CONCLUSION: This study demonstrated that although it is possible to obtain PTOX in a variety of in vitro cultures of H. suaveolens, in vitro roots grown without the addition of growth regulators were better producers of PTOX.

INTRODUCTION

Podophyllotoxin (PTOX) is a 2,-7’-cyclolignan that posses antiviral and cytotoxic properties,[1] and is used topically in the treatment of genital warts (Condyloma acuminata) caused by the human papilloma virus.[2] Synthetic derivatives of PTOX (etoposide, teniposide and etopofos), which are currently commercialized, are actually used as efficient anticancer drugs.[3] Other synthetic derivatives from PTOX have been developed for treatment of certain cancers, as well as for rheumatoid arthritis.[4] Even tough, the synthesis of 2,-7’-cyclolignans has been established; it turns out to be costly and therefore economically unviable.[5] Actually, PTOX is extracted from the plant material of the species Podophyllum peltatum and Podophyllum emodi, which are now categorized as endangered species, and whose in vitro propagation has as yet proven to be complicated.[6] The development of the drugs etoposide, teniposide, and etopofos, have increased the demand for PTOX, both to carry out the synthesis of such derivatives, and also for research purposes.[7] Among investigated new natural sources that accumulate PTOX are included the plant species Linum album,[8] Callitris drummondii,[9] Jeffersonian chinensis,[10] Linum scabellrum, and Hyptis suaveolens[6] used in this investigation.

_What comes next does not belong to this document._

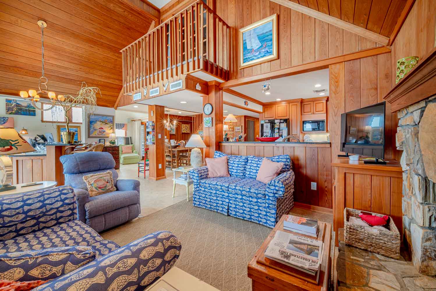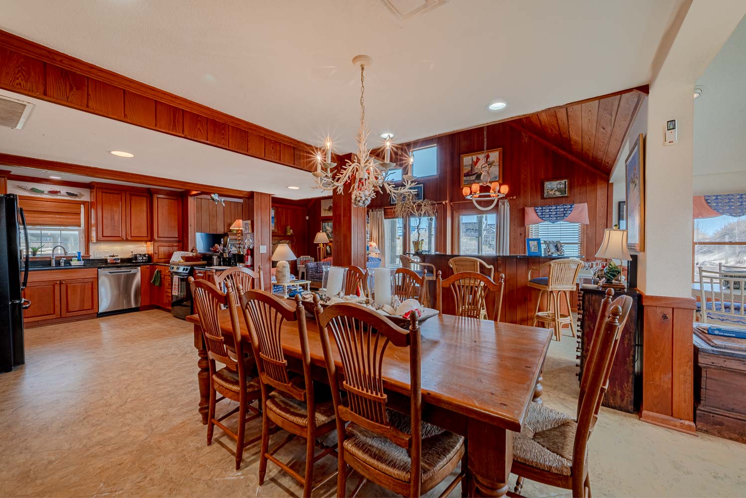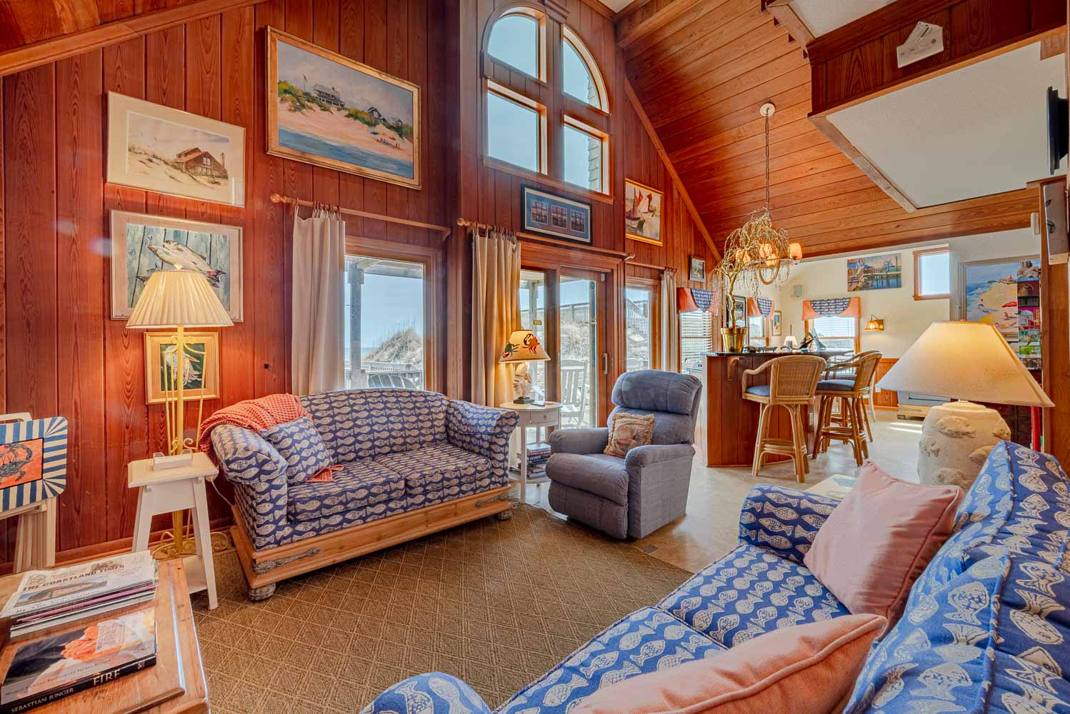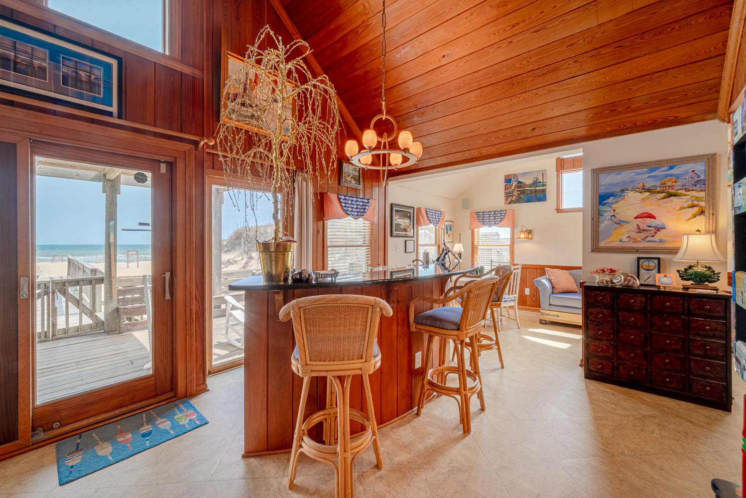 Mid Level: Comfortable, Cozy Living/Dining/Kitchen Area, Wet Bar, Free Standing 20 lb. Ice Maker, Ocean Views, 3 Bedrooms (Grand Private Suite w/King, Sitting Area, Smart TV, Full Bath w/Shower; Private Suite w/Queen, TV, Full Bath w/Tiled, Walk-In Shower; 1 w/Queen, Single, TV), Full Hall Bath, 2 Sun Decks w/Furniture, Covered Deck w/Furniture, Oceanfront Covered Deck w/Furniture, Enclosed Outside Shower, and Private Walkway to Beach w/Oceanfront Gazebo.
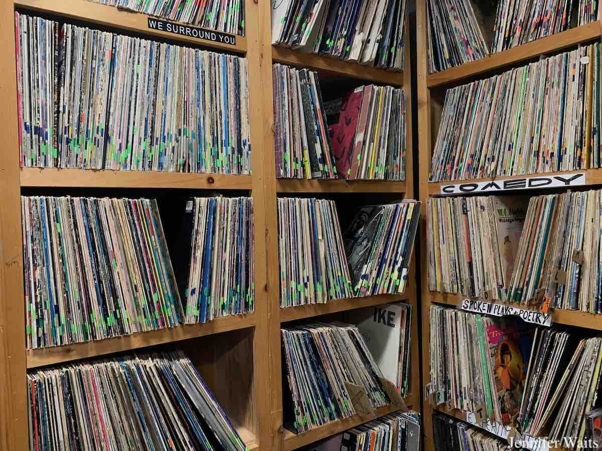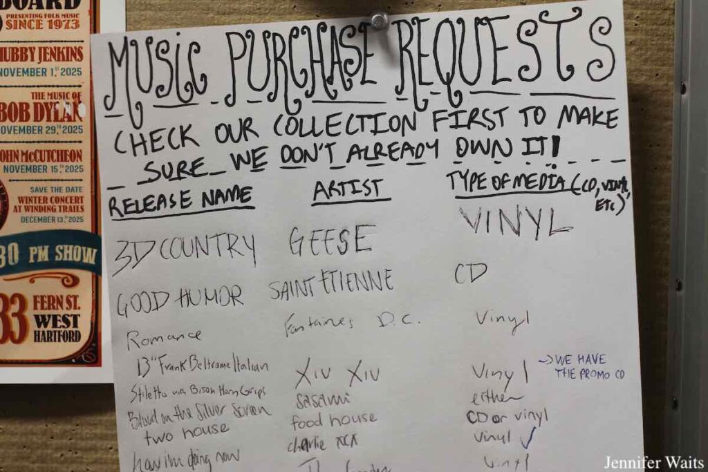 Michael loves radio and the experience of music discovery through the stacks, telling me, “We’re all fed by these algorithms and just introducing somebody to the library and the idea of reading liner notes and using them as a cross-reference to guide you on this scavenger hunt…That’s my own experience with music here at WESU and I try and introduce students and community members to that and get them outside of the bubble a little bit.”

The establishment of cell cultures (roots and cell suspensions); through biotechnological procedures have been investigated in some species expecting to favor the production of PTOX.[7] Experiments to enhance the production of PTOX have included medium optimization,[11] permeabilization,[12] addition of precursors and elicitors;[13] as well as the immobilization of cells and also the addition of phytohormones,[12] as in this study.

However as of yet, the production of PTOX by biotechnological procedures, hasn’t proven to be a good commercial alternative, due to the constant genetic spontaneous variation of the plant cells, and the high costs of production.[7]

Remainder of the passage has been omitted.